12 May 2014

Gandalf and Picard: a bro-mance made in sci-fi heaven

Meeting Gandalf would be quite out of this world, but encountering Gandalf side-by-side with Star Trek’s Jean-Luc Picard took me to a whole new space-time continuum.

This most unlikely of interviewing assignments also turned out to be one of the most entertaining. Wise old wizard Sir Ian McKellen and Starfleet commander Sir Patrick Stewart turned up in Soho this morning to publicise their latest X-Men movie.

They reprise their roles as Magneto and Professor X respectively, forced in old age to confront the errors of their youth. Both actors appear to find the focus on ageing particularly poignant.

Sir Ian was diagnosed with prostate cancer a few years back, and as Sir Patrick starts telling me: “I do find that I have a much more urgent feeling to enjoy myself now”, his co-star interjects: “I thought you were going to say an urgent need to go to the lavatory.”

If the film deals with the wisdom of age, it’s as much about mankind’s persecution of minorities – the mutants, as Sir Ian freely recognises.

“When Bryan Singer [the X-Men director] asked me to be in these films he sold it to me on just this point: as a gay man you can identify with mutants – people who have talents [but] are despised by society as they’re different…

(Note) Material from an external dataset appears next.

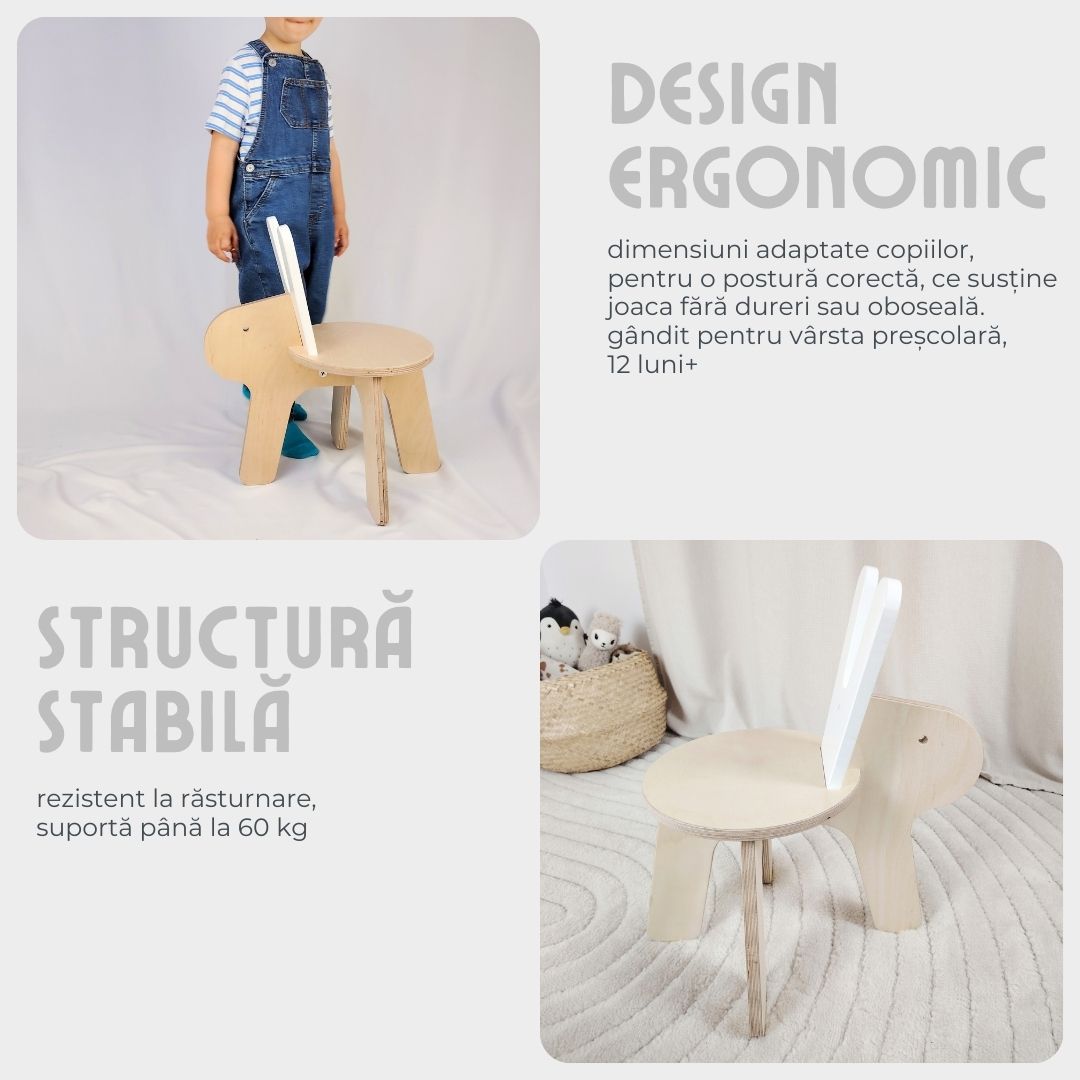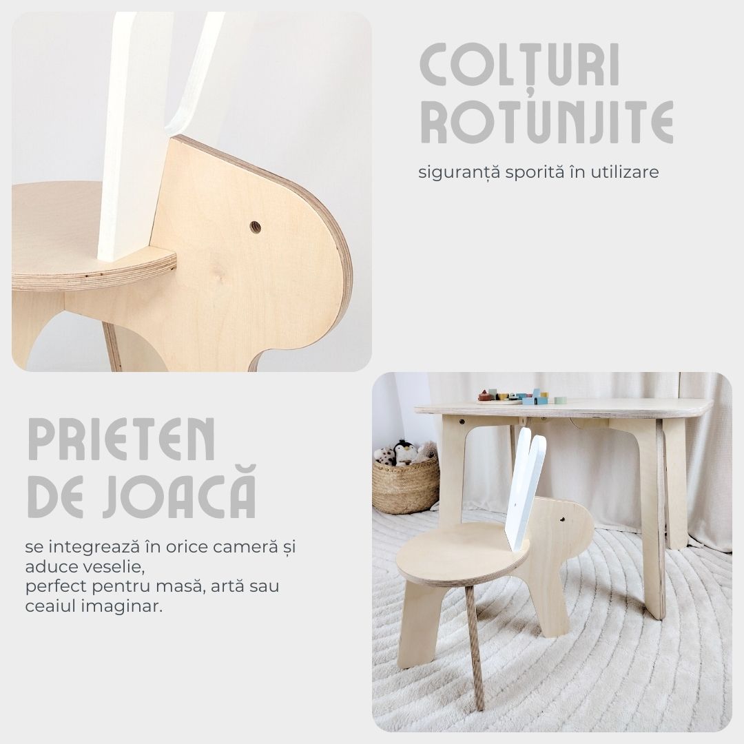 Realizat din lemn natural multistrat, finisat cu grijă și gândit special pentru cei mici, Bunny este ideal pentru activități zilnice precum desen, citit sau jocuri creative.

“In many areas of the world being gay is still a mutancy which is clearly not tolerated in some societies. You can be put to death for your sexuality. Not in this country. We have advanced – it’s been one of the great joys of my life – since these films have been made.”

So what does he make of the Ukip leader Nigel Farage’s declaration over the weekend that most British people over 70 are “uncomfortable” with homosexuality?

“He hasn’t talked to this over-70-year-old or this one,” he says, gesturing at Sir Patrick. “Farage needs to get out more…Gay people come and get married. The story is over.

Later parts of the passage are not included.